[Data entries]
────────────────

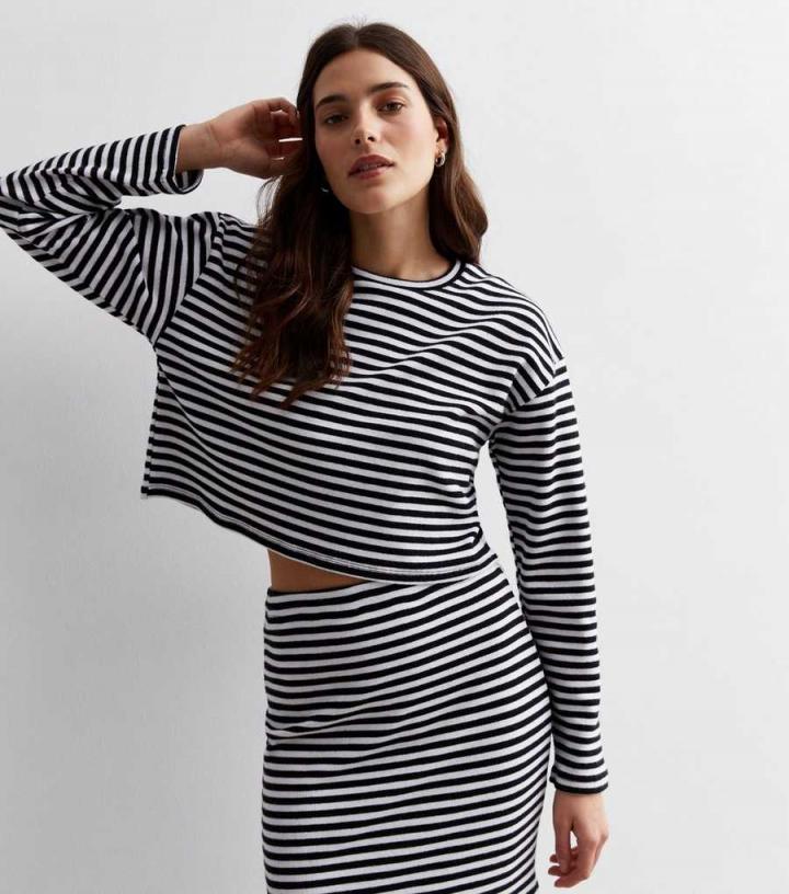 Co-ords | New Look Womens White Stripe Brushed Knit Long Sleeve Crop Top
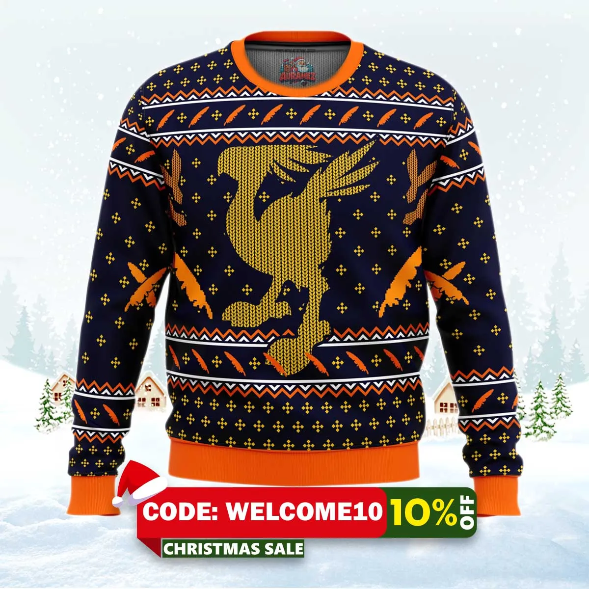 This Final Fantasy Chocobo Ugly Christmas Sweater captures the essence of holiday cheer mixed with the enchanting world of gaming, making it an ideal choice for fans looking to express their love for the franchise while celebrating the most wonderful time of the year.
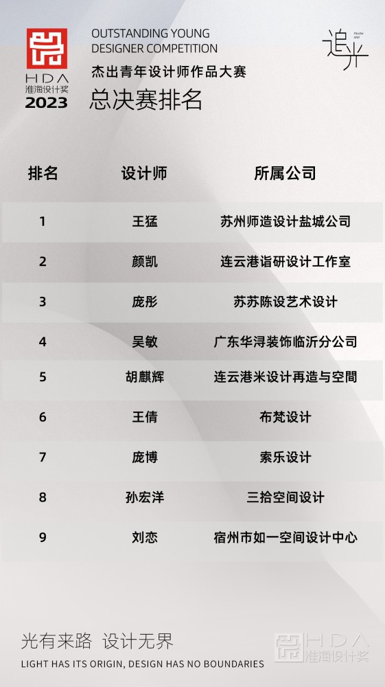 随着总决赛尘埃落定。2023年度淮海设计奖的所有奖项也随之产生。我们近期将在官方平台公布获奖设计师详细榜单,敬请留意!
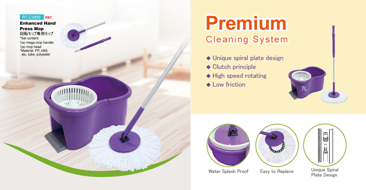The RT-C3489 Enhanced Hand Press Mop is designed to provide efficient floor cleaning with a convenient hand-press wringing system. The enhanced pressing mechanism allows users to remove excess water easily without touching the dirty mop cloth, making daily cleaning more hygienic and comfortable.
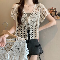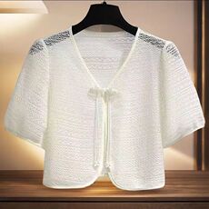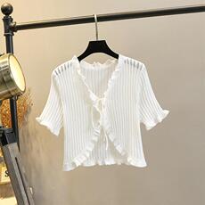 半袖冰丝开衫针织衫女短款镂空小披肩薄款外套夏坎肩空调衫小外搭
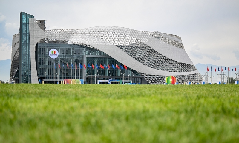 這是8月28日在寧夏銀川市拍攝的第七屆中國(guó)—阿拉伯國(guó)家博覽會(huì)開(kāi)幕式會(huì)場(chǎng)外景。
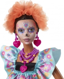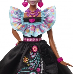 Barbie continua la sua edizione Dia de Muertos con un outfit sofisticato, riccamente decorato, che onora le tradizioni.
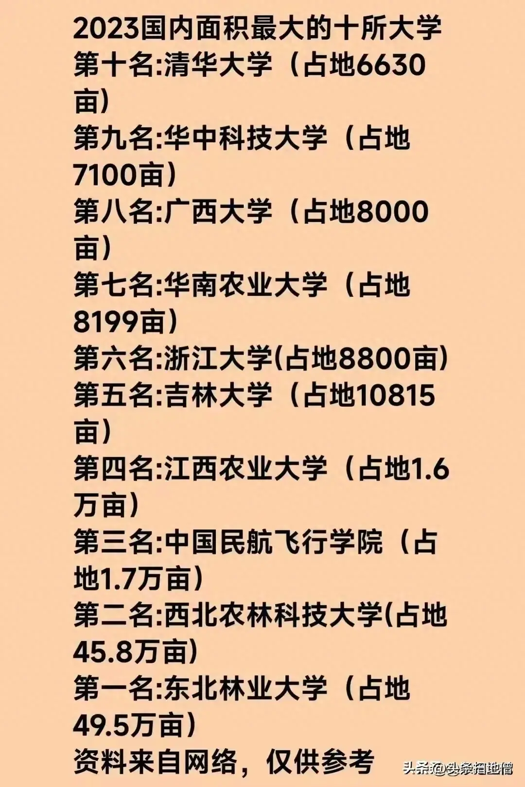 在我国,面积最大的十所大学无疑拥有广阔的校园,它们分别是:新疆农业大学、重庆大学、南京农业大学、北大荒集团有限公司、华南农业大学、华中农业大学、湖南农业大学、陕西师范大学、兰州大学和吉林农业大学。
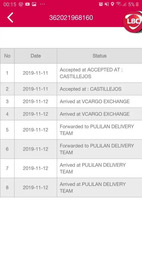 I bought an item which was shipped by the seller on Nov. 6, 2019. At 11 pm it said it arrived at the Visayas Area and at 12 am on Nov. 7, 2019 it was forwarded to Talisay Delivery Team. Until now wala paring change sa status. It's been 2 days na wala pa rin ang package. Come on LBC! Nakakapwerhisyo na kayo. Walang tao sa bahay this weekend, how am I supposed to receive it kung ganon? Customer nyo ba mag aadjust dahil sa delay na kayo ang megawa?
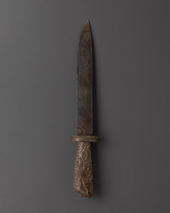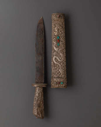 In Tibetan traditions, a Tibetan knife, also called a "phurba" or "kila," has cultural and symbolic meaning. The unique three-sided blade of this ceremonial dagger represents the victory over ignorance, desire, and aversion in Buddhism. Tibetan knives, which are adorned with elaborate carvings and frequently have a tripartite handle that represents different gods, are an essential part of religious rites, ceremonies, and spiritual practices. In addition to their spiritual significance, these knives might have practical uses in daily life, exhibiting in Tibetan communities a combination of deep cultural symbolism and usefulness.
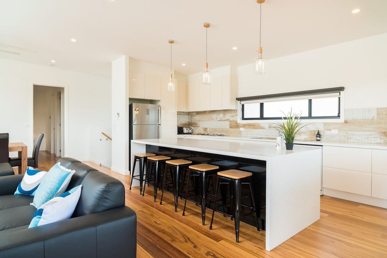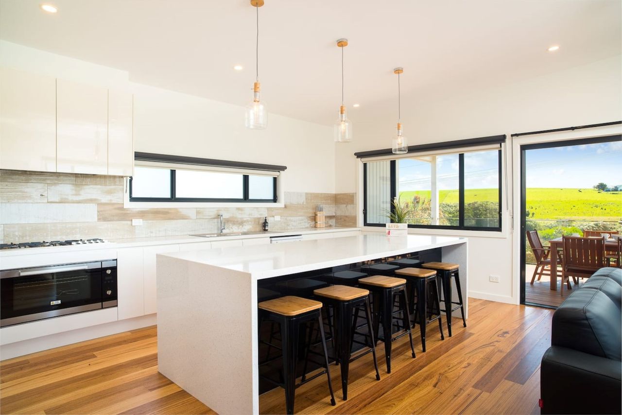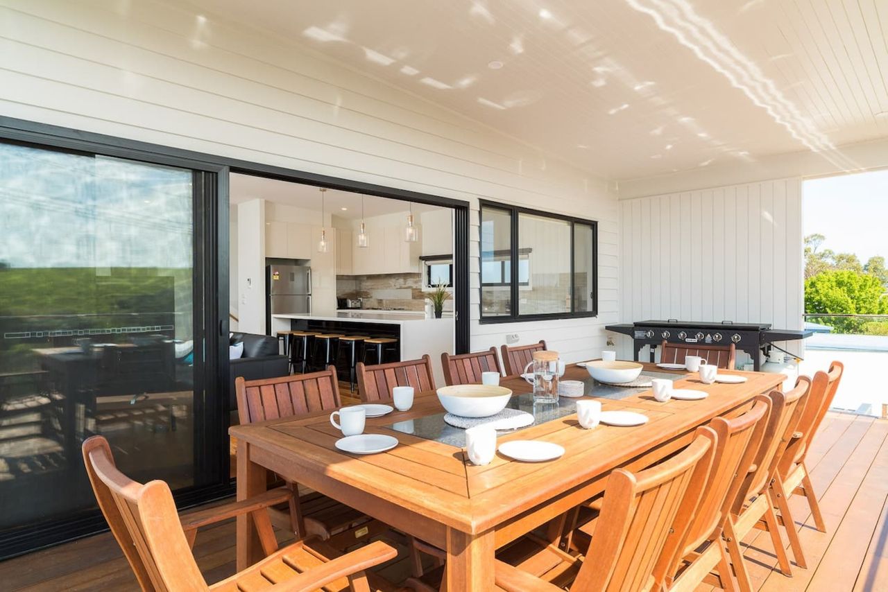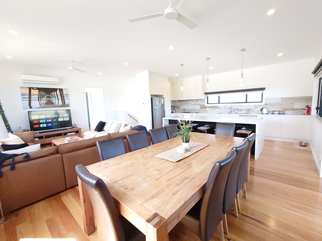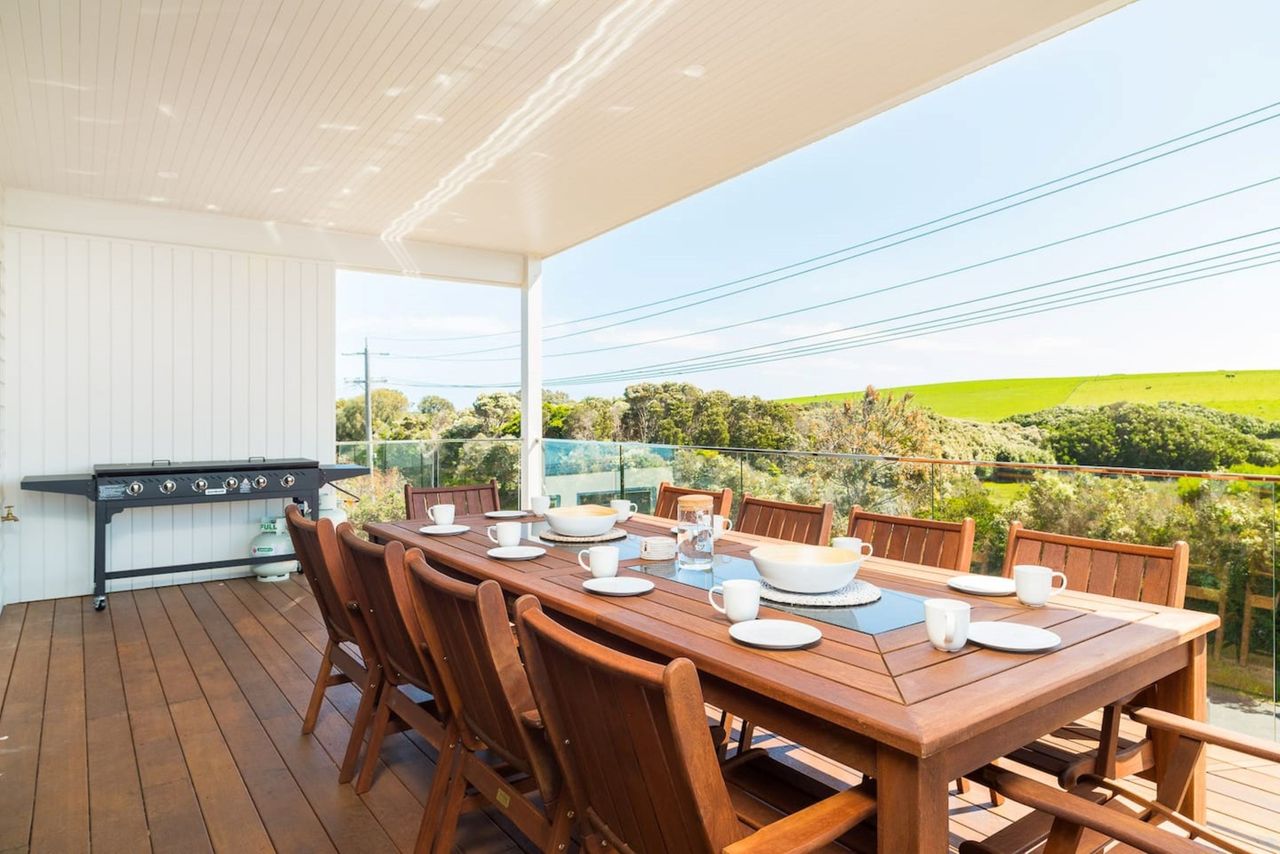 Upstairs comprises the modern open plan kitchen, dining and living area, with large sliding doors opening onto the covered balcony. Enjoy the sunny open space with soft comfortable couches and large tv with sound bar, including Bluetooth, and a Chromecast with Google tv. The balcony faces west for the afternoon sun, overlooking reserve parkland and the hills of farm paddocks frequented by kangaroos. On the balcony there is also a BBQ and outdoor table. The dining table seats 8 and the balcony table seats 8.
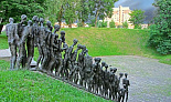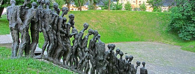 Авторы мемориала в его современном исполнении - Л. Левин, А. Финский, Э. Поллак. Датируется он 2000 годом. Впечатляющей является уже сама идея, воплощенная архитектурными и скульптурными средствами. Спуск в яму - 17 ступенек, по ним идут люди (27 фигур, художественно решенных в абстрактном обобщающем стиле): отлитые из металла, символические фигуры, собирательные образы. Люди идут на смерть, осознавая это. Поверхность металла оставлена шершавой, изъязвленной трещинами, и это воспринимается трагически и гармонично: впереди смерть, искажающая черты, фигуры, лица. И не спасает ни небо, сколько бы ни обращаться к нему в немом зове (первая, ведущая фигура), ни талант (замыкающая фигура со скрипкой - одновременное воплощение миролюбивого национального духа).
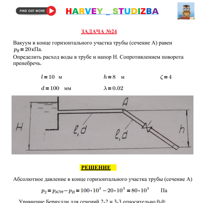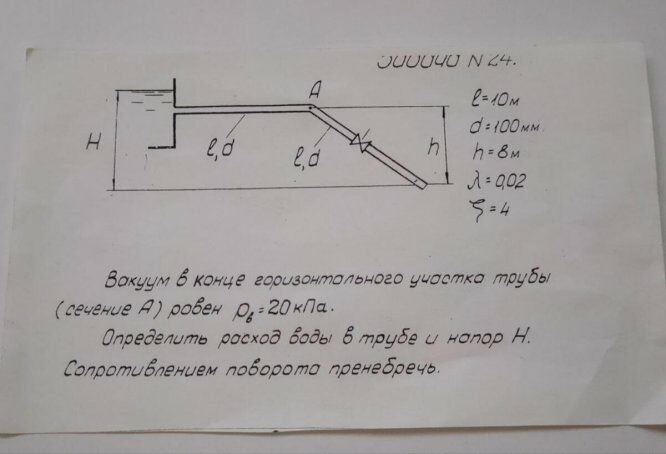 Для студентов по предмету Механика жидкости и газа (МЖГ или Гидравлика)Вакуум в конце горизонтального участка трубы (сечение А) равен рв=20 кПа. Определить расход воды в трубе и напор Н. Сопротивлением поворота пренебречьВакуум в конце горизонтального участка трубы (сечение А) равен рв=20 кПа. Определить расход воды в трубе и напор Н. Сопротивлением поворота пренебречь
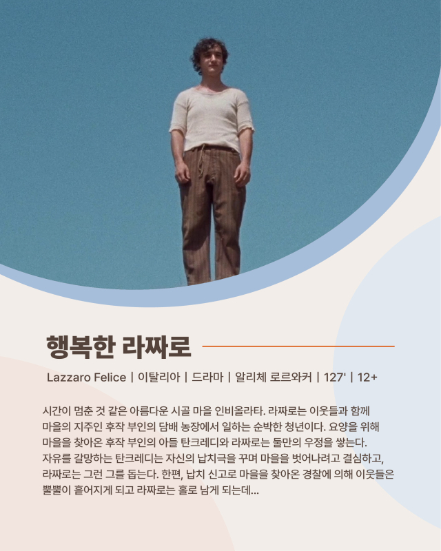 이탈리아 거장 알리체 로르바케르가 연출한 ‘행복한 라짜로’는 시골 마을 농장에서 일하는 순박한 청년 라짜로(아드리아노 타르디올로)가 자유를 갈망하는 친구 탄크레디(루카 치코바니)의 납치 자작극을 돕다가 벌어지는 일을 그리는 작품이다.
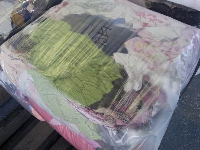 Х/б смесовые ткани, цветные рубашки с содержанием полусинтетических волокон не более 35%; постельное белье, простыни и наволочки с небольшими загрязнениями; вельветовые, трикотажные, плотные хлопчатобумажные изделия (джинс, роба, вельвет - не более 5 % в брикете).
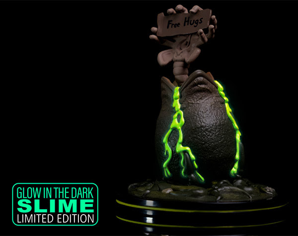 But in our version of the Xenomorph, he’s just this side of adorable as he emerges from his egg, oozing glow-in-the-dark green slime. About 3.5 inches tall and sitting on an alien terrain base, the face hugger is holding a “Free Hugs” sign, letting you know that murderous alien parasites need love too.

────────────────

What the task requires: Could you copy each line above exactly as written, minus any pictures?

Expected output:
 Co-ords | New Look Womens White Stripe Brushed Knit Long Sleeve Crop Top
 This Final Fantasy Chocobo Ugly Christmas Sweater captures the essence of holiday cheer mixed with the enchanting world of gaming, making it an ideal choice for fans looking to express their love for the franchise while celebrating the most wonderful time of the year.
 随着总决赛尘埃落定。2023年度淮海设计奖的所有奖项也随之产生。我们近期将在官方平台公布获奖设计师详细榜单,敬请留意!
The RT-C3489 Enhanced Hand Press Mop is designed to provide efficient floor cleaning with a convenient hand-press wringing system. The enhanced pressing mechanism allows users to remove excess water easily without touching the dirty mop cloth, making daily cleaning more hygienic and comfortable.
 半袖冰丝开衫针织衫女短款镂空小披肩薄款外套夏坎肩空调衫小外搭
 這是8月28日在寧夏銀川市拍攝的第七屆中國(guó)—阿拉伯國(guó)家博覽會(huì)開(kāi)幕式會(huì)場(chǎng)外景。
 Barbie continua la sua edizione Dia de Muertos con un outfit sofisticato, riccamente decorato, che onora le tradizioni.
 在我国,面积最大的十所大学无疑拥有广阔的校园,它们分别是:新疆农业大学、重庆大学、南京农业大学、北大荒集团有限公司、华南农业大学、华中农业大学、湖南农业大学、陕西师范大学、兰州大学和吉林农业大学。
 I bought an item which was shipped by the seller on Nov. 6, 2019. At 11 pm it said it arrived at the Visayas Area and at 12 am on Nov. 7, 2019 it was forwarded to Talisay Delivery Team. Until now wala paring change sa status. It's been 2 days na wala pa rin ang package. Come on LBC! Nakakapwerhisyo na kayo. Walang tao sa bahay this weekend, how am I supposed to receive it kung ganon? Customer nyo ba mag aadjust dahil sa delay na kayo ang megawa?
 In Tibetan traditions, a Tibetan knife, also called a "phurba" or "kila," has cultural and symbolic meaning. The unique three-sided blade of this ceremonial dagger represents the victory over ignorance, desire, and aversion in Buddhism. Tibetan knives, which are adorned with elaborate carvings and frequently have a tripartite handle that represents different gods, are an essential part of religious rites, ceremonies, and spiritual practices. In addition to their spiritual significance, these knives might have practical uses in daily life, exhibiting in Tibetan communities a combination of deep cultural symbolism and usefulness.
 Upstairs comprises the modern open plan kitchen, dining and living area, with large sliding doors opening onto the covered balcony. Enjoy the sunny open space with soft comfortable couches and large tv with sound bar, including Bluetooth, and a Chromecast with Google tv. The balcony faces west for the afternoon sun, overlooking reserve parkland and the hills of farm paddocks frequented by kangaroos. On the balcony there is also a BBQ and outdoor table. The dining table seats 8 and the balcony table seats 8.
 Авторы мемориала в его современном исполнении - Л. Левин, А. Финский, Э. Поллак. Датируется он 2000 годом. Впечатляющей является уже сама идея, воплощенная архитектурными и скульптурными средствами. Спуск в яму - 17 ступенек, по ним идут люди (27 фигур, художественно решенных в абстрактном обобщающем стиле): отлитые из металла, символические фигуры, собирательные образы. Люди идут на смерть, осознавая это. Поверхность металла оставлена шершавой, изъязвленной трещинами, и это воспринимается трагически и гармонично: впереди смерть, искажающая черты, фигуры, лица. И не спасает ни небо, сколько бы ни обращаться к нему в немом зове (первая, ведущая фигура), ни талант (замыкающая фигура со скрипкой - одновременное воплощение миролюбивого национального духа).
 Для студентов по предмету Механика жидкости и газа (МЖГ или Гидравлика)Вакуум в конце горизонтального участка трубы (сечение А) равен рв=20 кПа. Определить расход воды в трубе и напор Н. Сопротивлением поворота пренебречьВакуум в конце горизонтального участка трубы (сечение А) равен рв=20 кПа. Определить расход воды в трубе и напор Н. Сопротивлением поворота пренебречь
 이탈리아 거장 알리체 로르바케르가 연출한 ‘행복한 라짜로’는 시골 마을 농장에서 일하는 순박한 청년 라짜로(아드리아노 타르디올로)가 자유를 갈망하는 친구 탄크레디(루카 치코바니)의 납치 자작극을 돕다가 벌어지는 일을 그리는 작품이다.
 Х/б смесовые ткани, цветные рубашки с содержанием полусинтетических волокон не более 35%; постельное белье, простыни и наволочки с небольшими загрязнениями; вельветовые, трикотажные, плотные хлопчатобумажные изделия (джинс, роба, вельвет - не более 5 % в брикете).
 But in our version of the Xenomorph, he’s just this side of adorable as he emerges from his egg, oozing glow-in-the-dark green slime. About 3.5 inches tall and sitting on an alien terrain base, the face hugger is holding a “Free Hugs” sign, letting you know that murderous alien parasites need love too.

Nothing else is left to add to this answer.